Journal of Electrical and Computer Engineering (Jan 2024)

Convolutional Neural Networks to Facilitate the Continuous Recognition of Arabic Speech with Independent Speakers

  • Sally A. Sayed,
  • Rania Ahmed Abdel Azeem Abul Seoud,
  • Howida Y. Abdel Naby

DOI
https://doi.org/10.1155/2024/4976944
Journal volume & issue
Vol. 2024

Abstract

Read online

Automatic speech recognition (ASR) is a field of research that focuses on the ability of computers to process and interpret speech feedback from humans and to provide the highest degree of accuracy in recognition. Speech is one of the simplest ways to convey a message in a basic context, and ASR refers to the ability of machines to process and accept speech data from humans with the greatest degree of accuracy. As the human-to-machine interface continues to evolve, speech recognition is expected to become increasingly important. However, the Arabic language has distinct features that set it apart from other languages, such as the dialect and the pronunciation of words. Until now, insufficient attention has been devoted to continuous Arabic speech recognition research for independent speakers with a limited database. This research proposed two techniques for the recognition of Arabic speech. The first uses a combination of convolutional neural network (CNN) and long short-term memory (LSTM) encoders, and an attention-based decoder, and the second is based on the Sphinx-4 recognizer, which includes pocket sphinx, base sphinx, and sphinx train, with various types and number of features to be extracted (filter bank and mel frequency cepstral coefficients (MFCC)) based on the CMU Sphinx tool, which generates a language model for different sentences spoken by different speakers.
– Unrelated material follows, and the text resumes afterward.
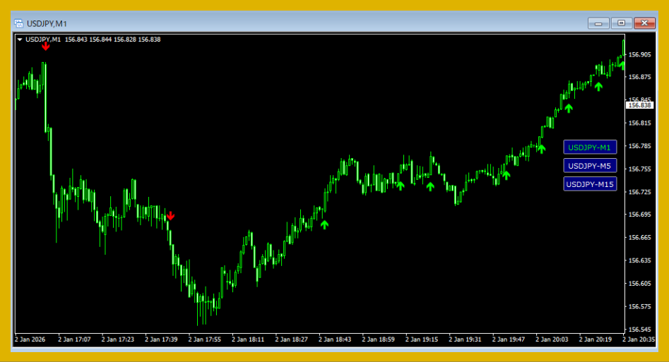 A. USDJPY専用に最適化した、M1/M5/M15の矢印サイン型インジケーターです。

These approaches were tested on a dataset containing 7 hours of spoken Arabic from 11 Arab countries, covering the Levant, Gulf, and African regions, which make up the Arab world, and achieved promising results. CNN-LSTM achieved a word error rate (WER) of 3.63% using 120 features for filter bank and 4.04% WER using 39 features for MFCC, respectively, while the Sphinx-4 recognizer technique achieved 8.17% WER and an accuracy of 91.83% using 25 features for MFCC and 8 Gaussian mixtures, respectively, when tested on the same benchmark dataset.